Here in America, most young corporate executives would claim to be quite
unaware of the fullest implications of their actions. Pressed further as to
why they follow soul-numbing business careers, they would point to the huge
loans and debts incurred through many years of expensive higher education.
The sad fact that the high cost of an education all but ensures that
graduates will not be able to practice the noble ideals that they were
exposed to, cannot but make one somewhat suspicious that this state of
affairs is not overly lamented by the powers that be. Even many parents
would be pleased that high indebtedness could deter their children from
pursuing 'irresponsible' lifestyles not in their best economic interests.

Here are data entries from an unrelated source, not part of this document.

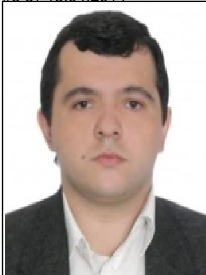
— , . . . , « - » , .
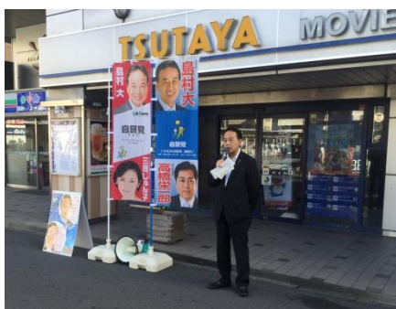
9. 12. 保土ヶ谷駅前で 朝の挨拶 近頃は桜木町や関内でも
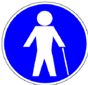
Obr. č. 6.: Piktogram na označenie prioritného sedadla vyhradeného pre cestujúcich so zníženou pohyblivosťou.

Piktogram podľa osobitného predpisu 47) na označenie prioritného sedadla vyhradeného pre cestujúcich so zníženou pohyblivosťou musí mať priemer aspoň 130 mm a vzhľad podľa vzoru na obr. č. 6. Alternatívny piktogram podľa osobitného predpisu 48) musí mať vzhľad podľa vzoru na obr. č. 7.
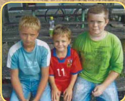
FC Kostelec na Hané
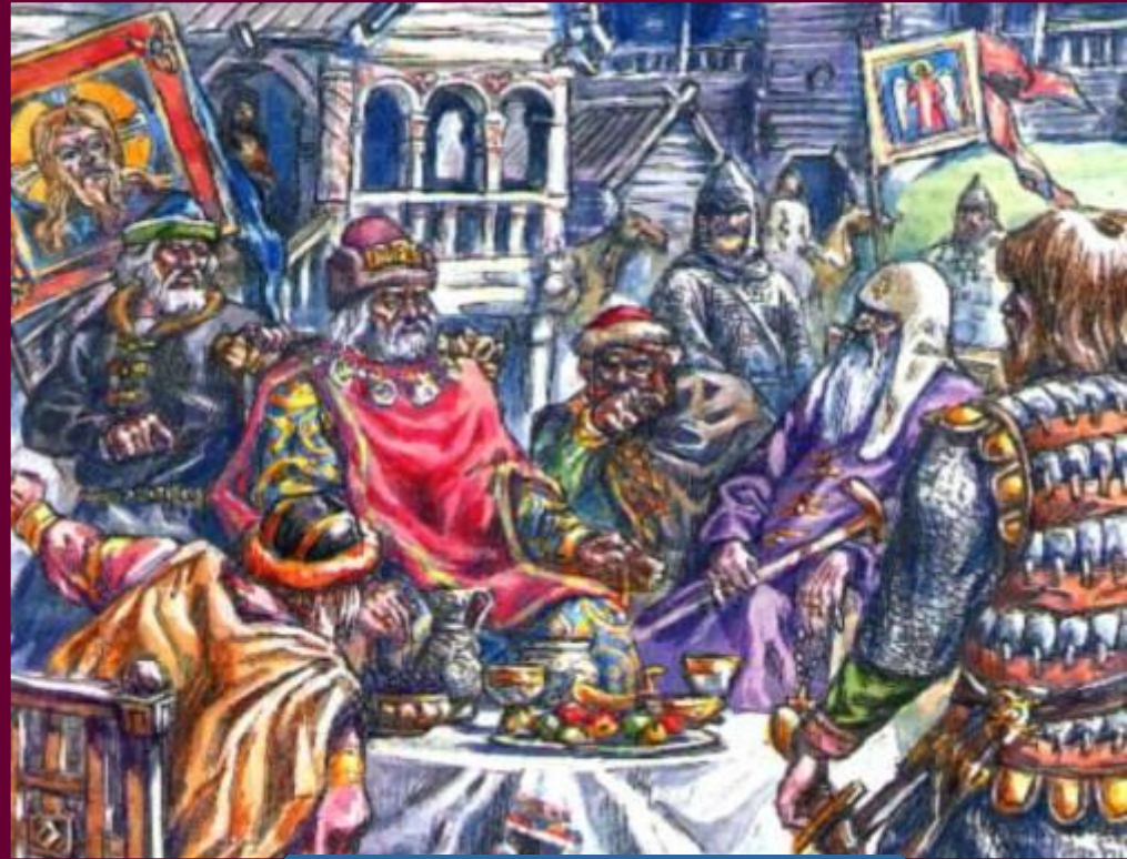
Владимир Мономах на съезде князей.

По словам летописца «Раздрася вся Земля Русская
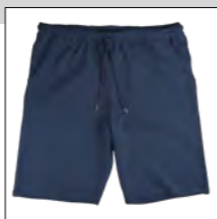
NOS RF 01 navy ID: 1969
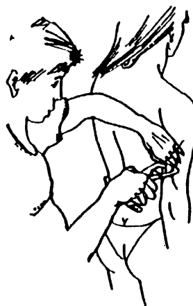
Kožní řasa nad tricipsem

Postup měření kaliperem: palcem a ukazovákem řasu v daném místě uchopte a tahem ji oddělte od svalů pod ní. Měřící plošky kaliperu umístěte druhou rukou za vrchol ohybu kůže (ve vzdálenosti cca 1 cm od prstů) a uvolněte měřidlo, čímž začne působit na kůži konstantní tlak. Tloušťku řasy v mm musíte odečíst do 2 sekund, doporučuje se ale pro zvýšení přesnosti měření opakovat.
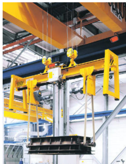
Capacidad: 12 t Distancia de la correa: 1,700 – 5,000 mm Ajuste: eléctrico
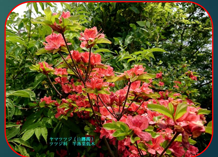
ヤマツツジ（山躑躅） ツツジ科 半落葉低木
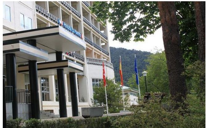
Hospital de La Fuenfría.
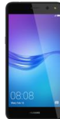
Huawei Y6 2017 DUAL SIM 43 EUR
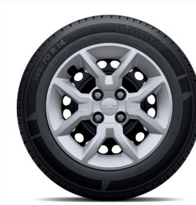
14" acél keréktárcsa BALBOA dísz tárcsa - ezüst
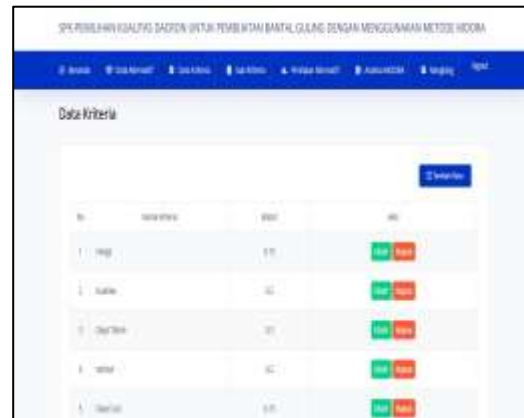
Gambar IV.4 Halaman Data Kriteria

kesalahan atau melakukan hapus data. Hasil dari implementasi halaman data kriteria dapat dilihat pada gambar berikut:
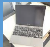
中学校は Windows タブレット
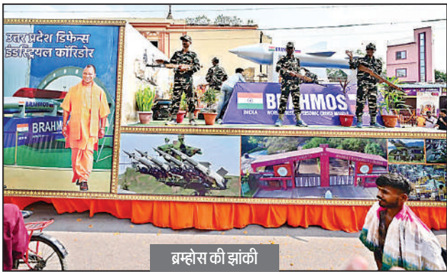
ब्रम्होस की झांकी
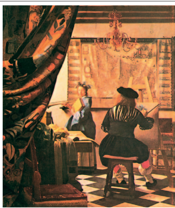
Γιαν Βερμέερ, Ο καλλιτέχνης στο ατελιέ του

Παρατηρήστε τους πίνακες. Τι βλέπετε; Συζητήστε στην τάξη.
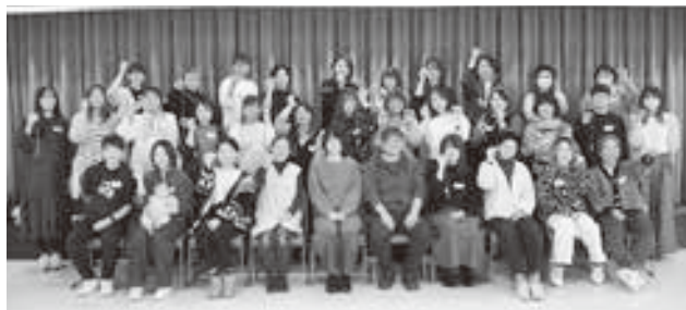
お気に入りの作品が出来ました！

11月14日、JA十勝地区女性協議会フレッシュミズ部会に所属しているJA十勝清水町・JAめむろ・JA新得町・当JAの4JAで、4年振りとなる交流会を行いました。
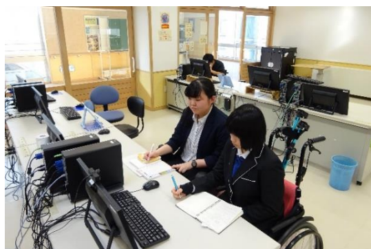
リモート交流の様子

五月十四日の放課後に日本大学東北高等学校の生徒会と本校の生徒会でリモート交流を行いました。本校からは会長、副会長及び書記の三名が参加しました。今回は、事前にテーマを四つ決めて話し合いをしました。
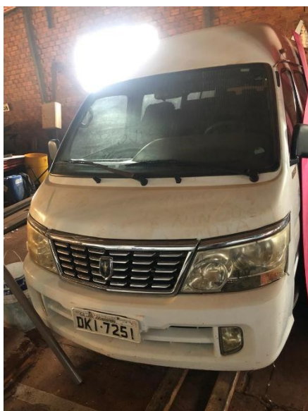
Item 39: VEICULO TOPIC
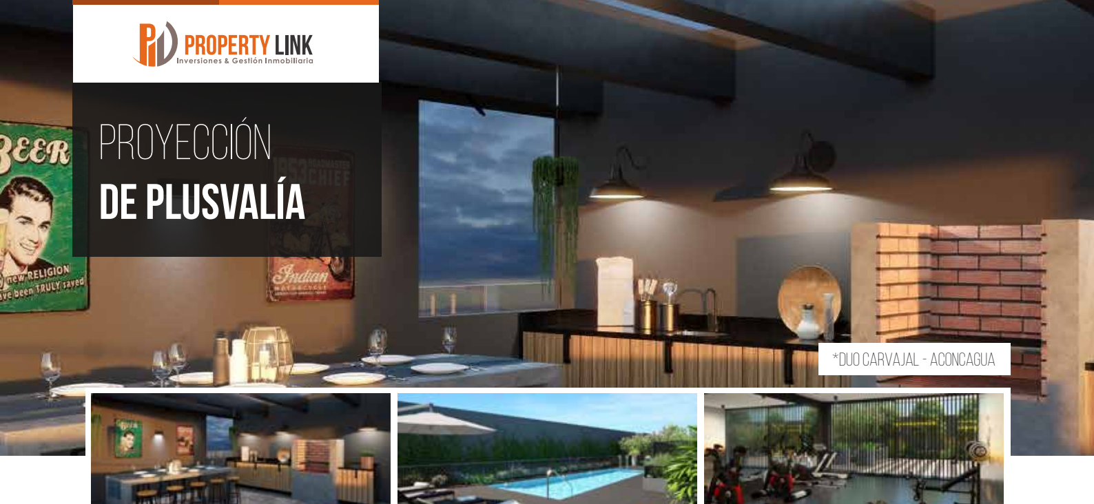
*DUO CARVAJAL - ACONCAGUA

Bodega e-commerce • Gimnasio techado con zona de ejercicios exterior Piscina • Área de juegos infantiles • 4 quinchos panorámicos • Sala multiuso Sala co-work • Área de reciclaje
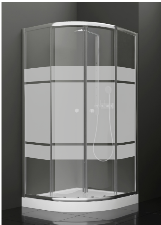
BAN - 1022
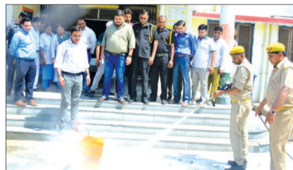
सरकारी अस्पताल में माँकड़िल करते दमकल कर्मी।

This vulgar pragmatism has even penetrated the academy itself. Today, most
successful faculty members and administrators would be the first to confess
to being, at the end of the day, merely harassed consumers. They teach
whatever it is that they 'profess' for the sake of the money, not so that
they may make the world a better place. Seeking to conceal their desperate
desire to gain material success at any cost, many speak sentimentally of
providing for their beloved children's material future in an increasingly
insecure world. I am surely foolishly naïve to suggest that, instead of
participating in the rape and impoverishment of the fragmented culture and
polluted world that they would leave their children, it would be far better
if they were to leave behind for future generations an example of committed
idealism and virtue.

An education must be more than an apprenticeship at an ivy-covered
gentleman's club (with suitably high tuition to hold its initiates hostage
to ugly necessity) where young corporate Geishas are discreetly initiated
into cynicism and introduced to the highest bidders for their services. A
Latin diploma is but an assurance that its bearer will use beautiful words
to serve and justify ugly ends; there is also an implied guarantee to
potential employees that graduates have the ideal qualifications for work in
the cutthroat workaholic economy: broken spirits, high indebtedness, and
insatiable desires. When educational institutions shamelessly market
learning as a means of accumulating wealth, it is time for those of us who
care about the future of humanity to give serious thought to how genuine
education may be preserved and renewed.

We must first observe that although many starve for want of the resources so
mindlessly squandered by their betters, the favored few are really not that
much happier either. Excessive wealth leads to self-hatred, paranoia,
addiction, alienation, sadism, and stupid arrogance in both men and
countries. Having grown up in the Third World, I have never found anything
romantic about poverty, being all too aware of the corrosive effects of
powerlessness and hunger. But I do find ironic justice in the paradox that
the wealthy are even more susceptible to addiction than the poor. However
even this situation can harm the developing world even more than the
developed world. Not content with culturally impoverishing their own
countries through their greed, insatiable western corporations and tycoons
will increasingly look to corrupt the rest of the world by disseminating
alienating lifestyles and offering worthless but expensive trinkets in
exchange for precious raw materials. Third World 'yuppies' are most
dangerous of all because after using up precious foreign exchange to study
in the west, they return to spread spending habits of addictive consumerism
amongst their own people. Instead of mindlessly aping corrupt and decadent
western lifestyles, students from poor countries should instead seek to
thoughtfully combine the best that west and east have to offer.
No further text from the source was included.